Monterey Park, California, became the first U.S. city to permanently ban data centers after residents voted overwhelmingly in favor of the prohibition. Early results show 86.3% of the more than 7,000 votes counted so far supported the measure, far exceeding the 51% threshold needed to pass. City councilmember Jose Sanchez called it a “landslide victory” and said the vote “shows unequivocally that residents in Monterey Park do not want datacenters in their community.” The ban is permanent unless overturned by a future vote, making it one of the strongest local rejections of Big Tech infrastructure in U.S. history.
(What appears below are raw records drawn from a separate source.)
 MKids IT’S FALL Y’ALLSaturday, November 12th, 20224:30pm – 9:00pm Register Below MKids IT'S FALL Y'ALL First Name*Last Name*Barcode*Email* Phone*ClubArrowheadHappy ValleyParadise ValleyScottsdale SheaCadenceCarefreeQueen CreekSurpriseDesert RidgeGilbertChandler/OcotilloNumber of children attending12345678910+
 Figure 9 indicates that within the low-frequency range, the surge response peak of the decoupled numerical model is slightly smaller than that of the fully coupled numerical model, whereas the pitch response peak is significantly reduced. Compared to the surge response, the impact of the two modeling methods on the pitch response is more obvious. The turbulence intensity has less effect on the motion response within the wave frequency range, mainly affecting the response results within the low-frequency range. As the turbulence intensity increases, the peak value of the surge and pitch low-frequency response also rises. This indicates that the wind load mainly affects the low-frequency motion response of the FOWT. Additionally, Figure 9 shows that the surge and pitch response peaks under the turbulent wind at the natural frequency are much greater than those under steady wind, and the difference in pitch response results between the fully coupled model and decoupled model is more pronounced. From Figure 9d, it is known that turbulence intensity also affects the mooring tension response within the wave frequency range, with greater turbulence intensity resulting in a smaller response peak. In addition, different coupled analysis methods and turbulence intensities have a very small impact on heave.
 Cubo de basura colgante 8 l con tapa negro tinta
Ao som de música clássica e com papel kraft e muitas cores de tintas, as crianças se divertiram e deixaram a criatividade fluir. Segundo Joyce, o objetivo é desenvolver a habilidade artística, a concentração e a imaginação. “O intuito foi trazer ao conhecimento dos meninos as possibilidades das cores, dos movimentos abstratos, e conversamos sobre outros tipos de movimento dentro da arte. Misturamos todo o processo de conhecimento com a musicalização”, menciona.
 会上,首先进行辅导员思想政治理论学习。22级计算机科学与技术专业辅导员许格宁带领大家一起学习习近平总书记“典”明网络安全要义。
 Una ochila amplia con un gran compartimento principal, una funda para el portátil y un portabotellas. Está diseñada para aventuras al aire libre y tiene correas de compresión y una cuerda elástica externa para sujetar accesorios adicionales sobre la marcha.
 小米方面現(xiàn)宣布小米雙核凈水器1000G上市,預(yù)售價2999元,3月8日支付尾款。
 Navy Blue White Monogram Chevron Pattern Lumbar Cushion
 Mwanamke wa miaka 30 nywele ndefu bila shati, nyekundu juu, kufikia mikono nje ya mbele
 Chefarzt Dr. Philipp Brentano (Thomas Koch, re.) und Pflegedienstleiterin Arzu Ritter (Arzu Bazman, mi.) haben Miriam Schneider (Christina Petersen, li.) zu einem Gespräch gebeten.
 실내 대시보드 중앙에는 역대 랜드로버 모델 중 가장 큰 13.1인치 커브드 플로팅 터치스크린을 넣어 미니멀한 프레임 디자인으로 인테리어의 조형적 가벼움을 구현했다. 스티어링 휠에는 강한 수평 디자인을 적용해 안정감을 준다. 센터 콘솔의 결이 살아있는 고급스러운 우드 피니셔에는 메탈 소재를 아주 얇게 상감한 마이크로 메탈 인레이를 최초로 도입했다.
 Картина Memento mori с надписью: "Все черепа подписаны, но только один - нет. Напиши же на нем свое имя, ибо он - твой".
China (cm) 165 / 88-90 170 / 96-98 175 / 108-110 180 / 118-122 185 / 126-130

Sanchez said he hopes other cities will use Monterey Park as a model to push back against data center expansion.
monterey park, california just became the first US city to permanently ban data centers. 86.3% of the 7,000+ votes counted so far were in favor — a number so high city councilmember jose sanchez called it a "landslide victory" and said residents "do not want datacenters in their community." the ban stands "until ended by voters," which is about as permanent as local law gets. sanchez wants other cities to use this as a playbook to block big tech infrastructure.
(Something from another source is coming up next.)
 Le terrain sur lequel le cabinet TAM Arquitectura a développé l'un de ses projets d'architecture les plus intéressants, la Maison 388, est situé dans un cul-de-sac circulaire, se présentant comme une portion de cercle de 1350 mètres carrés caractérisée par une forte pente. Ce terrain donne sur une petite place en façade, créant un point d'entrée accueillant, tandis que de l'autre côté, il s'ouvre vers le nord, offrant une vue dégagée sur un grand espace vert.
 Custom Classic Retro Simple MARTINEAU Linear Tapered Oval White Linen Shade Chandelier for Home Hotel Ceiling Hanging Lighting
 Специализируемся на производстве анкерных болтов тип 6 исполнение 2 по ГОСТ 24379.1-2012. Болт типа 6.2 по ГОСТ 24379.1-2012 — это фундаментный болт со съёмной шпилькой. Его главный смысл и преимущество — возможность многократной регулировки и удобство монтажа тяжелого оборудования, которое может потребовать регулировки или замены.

Fills a coverage gap in platform (2 stories, underrepresented) with a specific, checkable story about a historic local vote on tech infrastructure, backed by a single strong source (The Mary Sue) citing The Guardian, though lacking direct primary source links to official vote tallies or local government records.
Monterey Park's vote marks the first successful permanent ban on data centers by a U.S. municipality, setting a precedent that could embolden other communities facing similar infrastructure battles. The 86.3% margin signals overwhelming local opposition — not a narrow or contested result — which gives the ban significant political weight. As data center construction accelerates nationwide to meet AI demand, this vote represents a new front in the tension between tech expansion and local resistance. Other cities watching Monterey Park now have a tested ballot-measure template to replicate.
first city in the US to permanently ban data centers, and it wasn't even close. 86.3% is the kind of margin that makes other city councils pay attention. this is a template now — monterey park just handed every anti-development neighborhood a blueprint. with AI driving a data center construction boom, expect more of these fights.